In opposition to the motion, plaintiff provides an affirmation from counsel and a copy of the transcript of his 50-h hearing, taken on August 3, 2018. Therein, he states that the dog had "vicious propensities" as he had previously [February 2018] seen it "attacking another dog." No further specifics are provided at that time. He testified that he had three bags of food and the woman with the dog entered the elevator and the dog went for the food and bit his finger [Doc 36 Page 62].
At his EBT, conducted three years after the incident, plaintiff was asked about the February siting of this same dog. He said [Page 129] an unidentified employee told him the dog "had been trying to attack other dogs." That is hearsay, of course. His personal observation was "it barked several times and then it started pulling to attack the other dog." This does not describe "vicious propensities" as the case law defines it. Dogs bark at each other. The court viewed all 197 references to the word "dog" in the first transcript and that is all there is on the issue of the dog having "vicious propensities." Plus, some difficulties with the Russian interpreter about the gender of the noun "dog" versus the gender of this dog. Funny, but irrelevant. In the second EBT transcript, Doc 25, there are 114 references to the word "dog." The questions return to the February observation. Plaintiff testified that the dog was on the sidewalk, and he observed it. He saw the dog see another dog and they [Page 155] "started sniffing each other or I don't know what." Then as he was entering the building, the other dog made a squealing noise and he turned around. They were about twenty feet away, on the grass. He concluded [Page1 55] "that dog was trying to bite the neck of the other dog." Asked what happened, he said [P 156-157] "they were taken apart and that's it. I did not notice anything else."

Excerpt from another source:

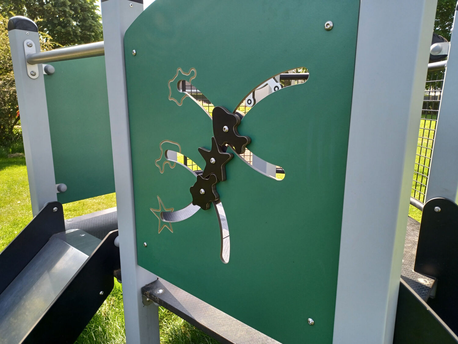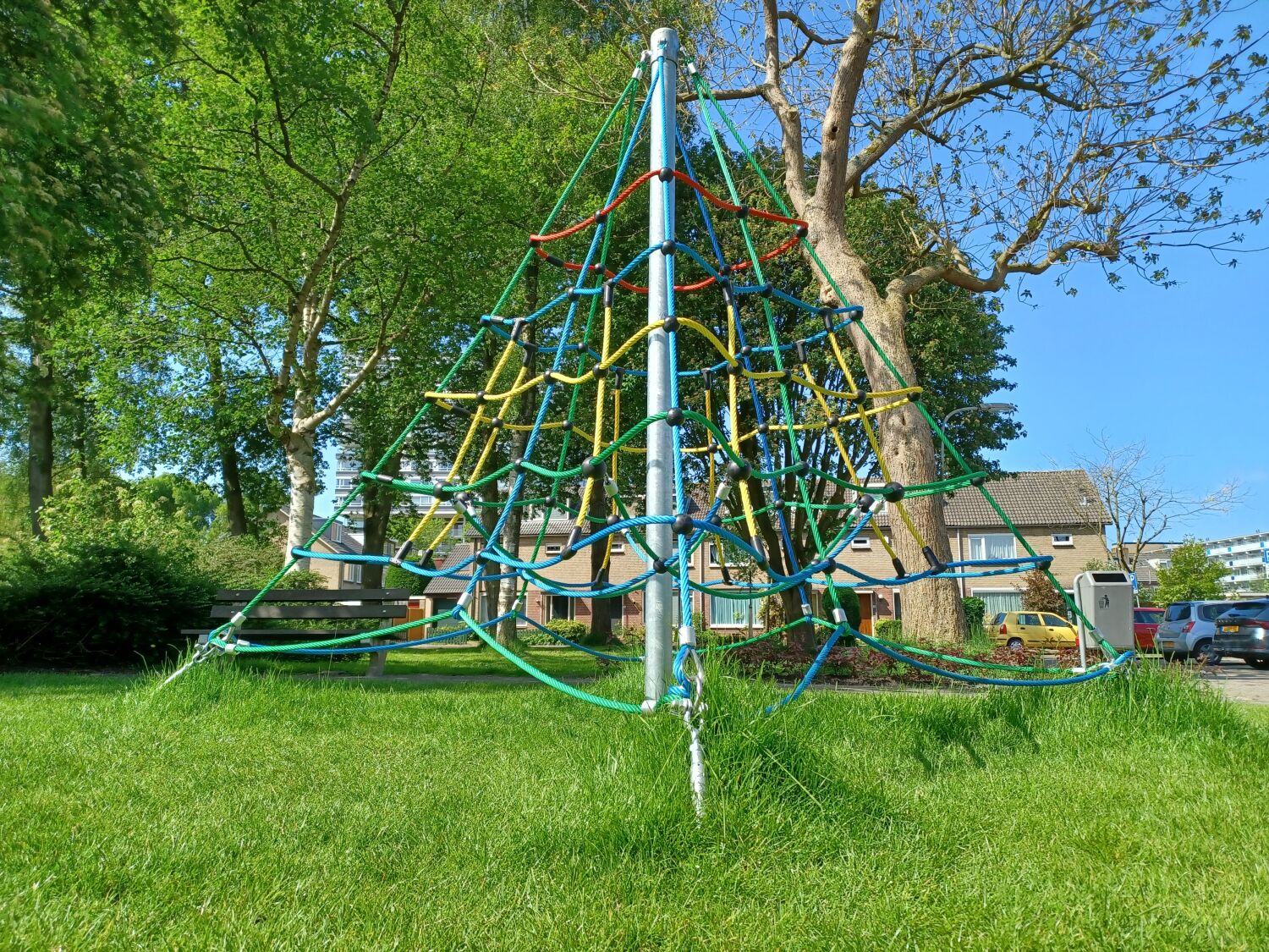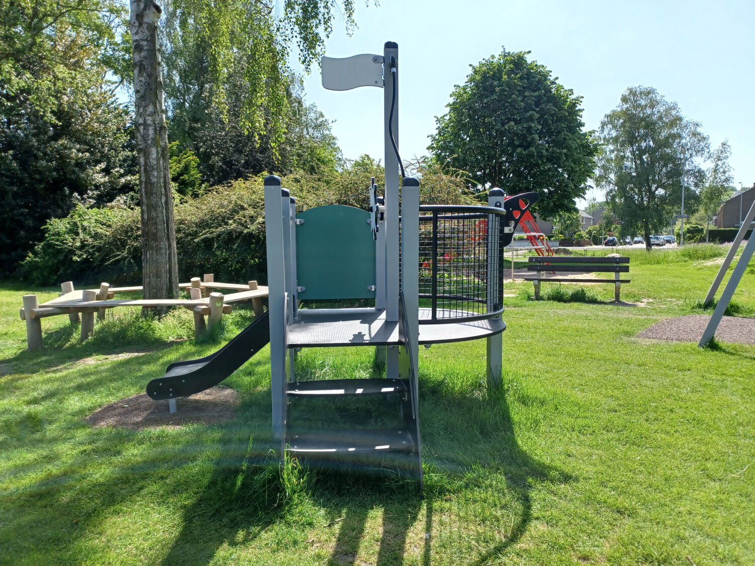 Ook is er een klimpiramide geplaatst en een boombank. Deze toestellen zijn geplaatst op een ondergrond van gras, aangezien deze grondsoort al aanwezig was op de speelplek.

The court concludes that plaintiff has not overcome the defendant's prima facie case. He cannot identify the dog's owner, cannot establish that she lived at the building, and cannot identify the employee he spoke to or the other dog owner. Further, a plaintiff cannot establish that a dog had "vicious propensities" by observing it play or bark or even snap at another dog while on a leash. the dog barked at her and her dog and that the dog strained its leash toward her dog was insufficient to raise a triable issue of fact as to whether it had vicious propensities (Bukhtiyarova v Cohen, 172 A.D.3d 1153, 1155 [2d Dept 2019]). Even giving plaintiff the benefit of every possible inference, to deny this motion would be erroneous.
Accordingly, the motion is granted, and the complaint is dismissed.
This shall constitute the decision and order of the court.